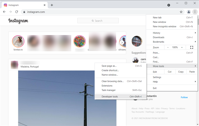 Abra Google Chrome, visite instagram.com e inicie sesión en su cuenta. Entonces necesitas encender herramientas de desarrollo(Herramientas de desarrollo) emular un navegador móvil y acceder a las herramientas de publicación necesarias Instagram . Para hacer esto, haga clic en los tres puntos verticales en la esquina superior derecha para abrir Menú «Personaliza y controla Google Chrome»(«Personaliza y controla Google Chrome») . luego seleccione Más herramientas(Más herramientas) seguido por Herramientas de desarrollo(herramientas de desarrollo) . Alternativamente, puede presionar CTRL + MAYÚS + I en el teclado para obtener el mismo resultado.
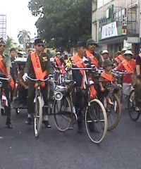 Komunitas sepeda ontel tersebut mengawali konvoi dari Pos Adipura depan Masjid Agung menuju Jalan Nagarawangi dan berhakhir di kantor KPUD Kota Tasikmalaya di Jalan SKP.
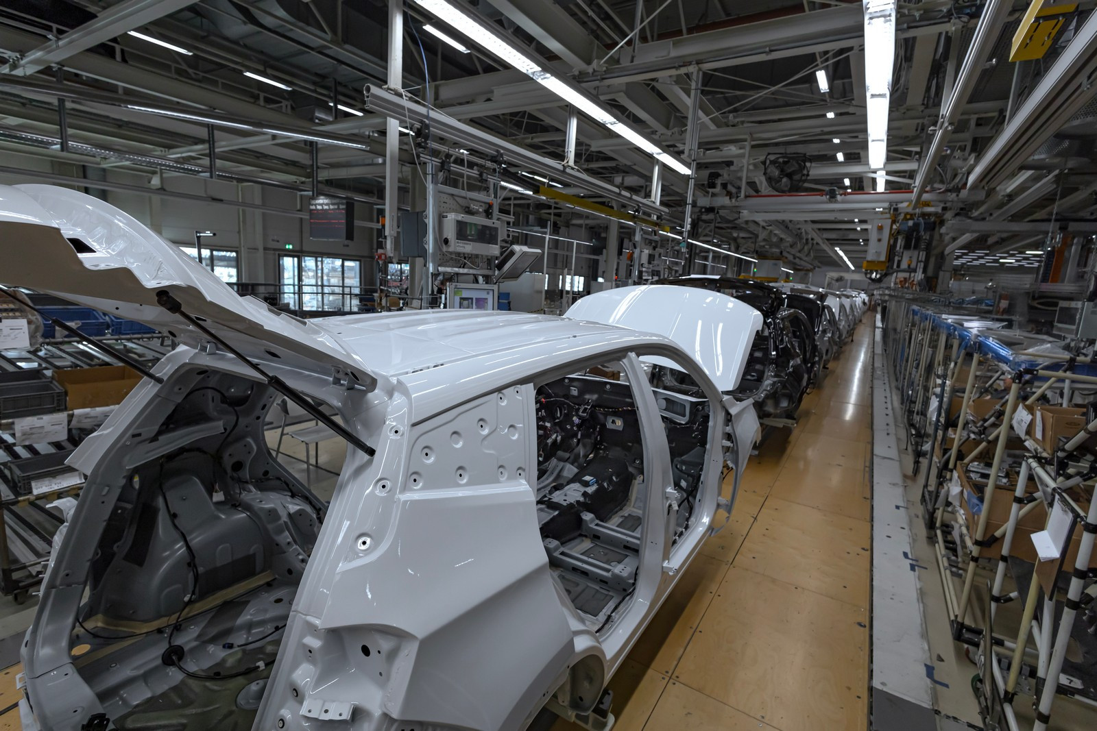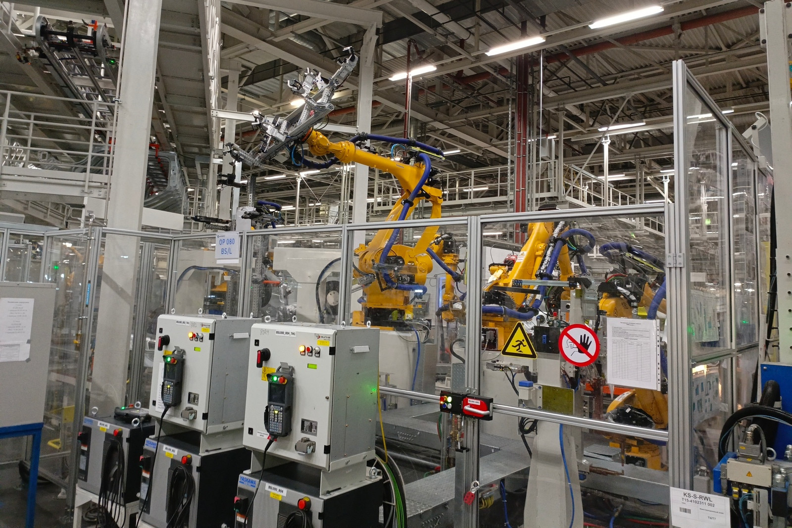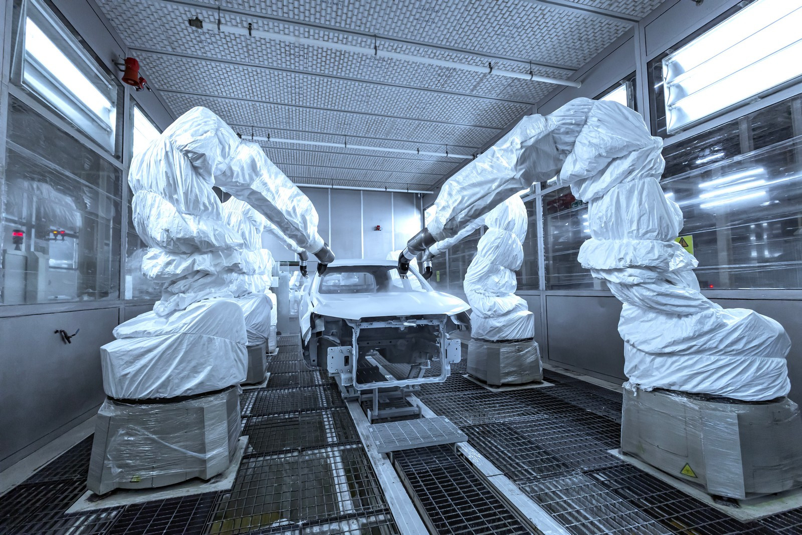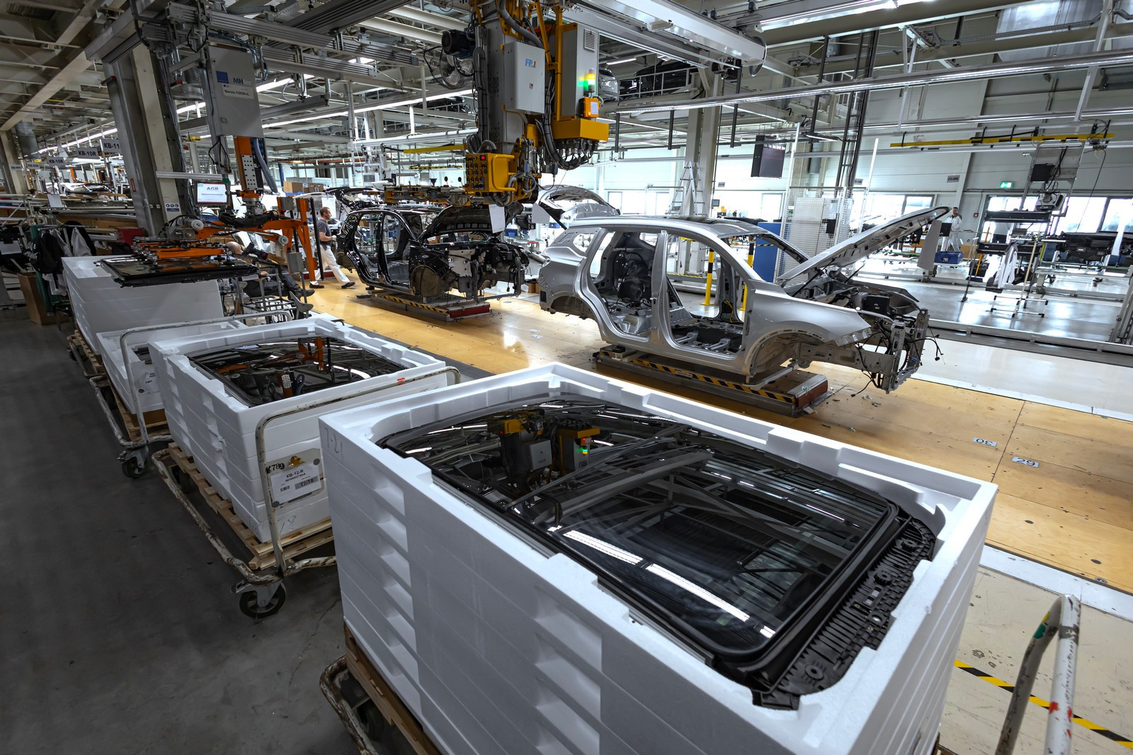 Сегодня в цехах сварки общей площадью почти 72 тысячи квадратных метров трудятся 332 робота, которые наносят порядка трех метров сварных швов на каждый кузов. Помимо этого, в арсенале производства 30 клеевых станций, которые обеспечивают нанесение 51 метра клеевых соединений. Чтобы связать все эти посты в единую линию, сформирован конвейер длиной 3300 метров.

- [ABOUT THIS EXERCISE]: Omit the pictures and give the material again, exactly and in full.

- [RESULT BELOW]:
 Abra Google Chrome, visite instagram.com e inicie sesión en su cuenta. Entonces necesitas encender herramientas de desarrollo(Herramientas de desarrollo) emular un navegador móvil y acceder a las herramientas de publicación necesarias Instagram . Para hacer esto, haga clic en los tres puntos verticales en la esquina superior derecha para abrir Menú «Personaliza y controla Google Chrome»(«Personaliza y controla Google Chrome») . luego seleccione Más herramientas(Más herramientas) seguido por Herramientas de desarrollo(herramientas de desarrollo) . Alternativamente, puede presionar CTRL + MAYÚS + I en el teclado para obtener el mismo resultado.
 Komunitas sepeda ontel tersebut mengawali konvoi dari Pos Adipura depan Masjid Agung menuju Jalan Nagarawangi dan berhakhir di kantor KPUD Kota Tasikmalaya di Jalan SKP.
 Сегодня в цехах сварки общей площадью почти 72 тысячи квадратных метров трудятся 332 робота, которые наносят порядка трех метров сварных швов на каждый кузов. Помимо этого, в арсенале производства 30 клеевых станций, которые обеспечивают нанесение 51 метра клеевых соединений. Чтобы связать все эти посты в единую линию, сформирован конвейер длиной 3300 метров.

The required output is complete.